When you and your spouse buy your first home, you will probably obtain a mortgage to finance it. At your mortgage closing, the lender may require you to pay money into an escrow account. Mortgage escrow accounts hold funds that your lender uses to pay your property taxes and home insurance expenses during the year.
Purpose of Escrow Accounts
Lenders require borrowers to hold escrow accounts to prevent a home's property taxes from becoming delinquent. Because the lender will need to use the collateral to recover the cost of the loan if you default, it wants to protect the property from damage and the claims of other creditors. If property taxes are delinquent, the taxing authority can impose a lien on the title to the home, which compromises the lender's claim on the property. For this reason, the lender elects to collect funds from the borrower and pay the property taxes itself. Lenders also use the funds in the escrow account to pay for home insurance, which protects the home against losses related to damage.
To determine how much money you must pay into your escrow account each month, your lender first determines your annual home insurance and property tax obligations. By dividing the sum of your insurance and taxes by 12, the lender can determine how much money you need to pay into the account each month to break even. Lenders may also require you to keep a cushion in the account. At closing, you will deposit the amount of the cushion along with the amount required to bring the account balance current for that point in the year.

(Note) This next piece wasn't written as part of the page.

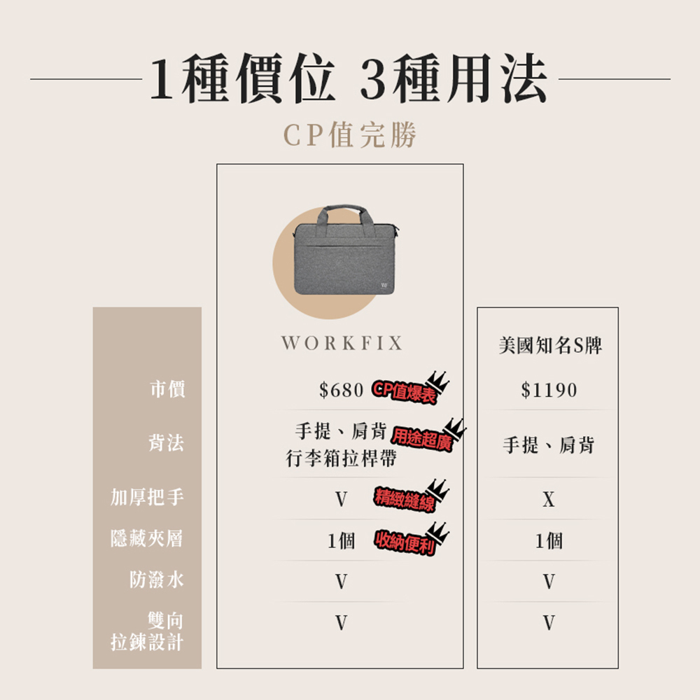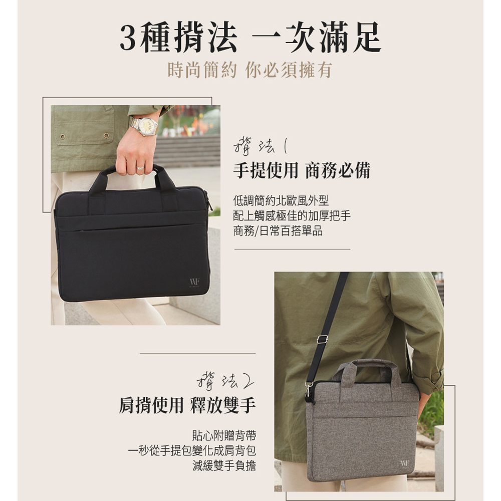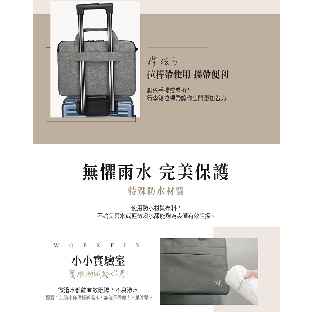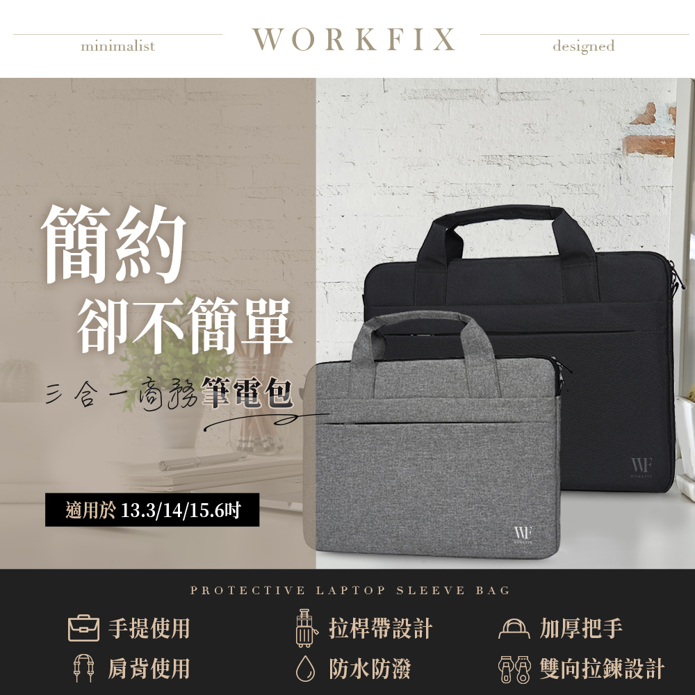 【WORKFIX 渥克斯】13.3吋/14吋/15.6吋輕巧手提斜背避震兩用筆電公事包

Escrow accounts are regulated by the Real Estate Settlement Procedures Act. RESPA doesn't require lenders to hold escrow accounts for borrowers, nor does it prohibit them from doing so. However, RESPA does limit the amount that lenders can hold as a cushion in the account to one-sixth of the account's total obligations during the year. RESPA also stipulates that the money in the account be used only to pay real estate taxes and home insurance expenses.
When a lender holds an escrow account on your behalf, it is legally obligated to make your property tax and home insurance payments in full and on time. RESPA requires lenders to perform escrow account analysis once each year to ensure that the balance in the account covers your obligations but doesn't exceed the allowable limit. If your account balance is too high, the lender must issue a refund. Though most lenders require borrowers to maintain escrow accounts, some lenders allow borrowers to opt out of their escrow account after the mortgage's loan-to-value ratio drops below a set amount.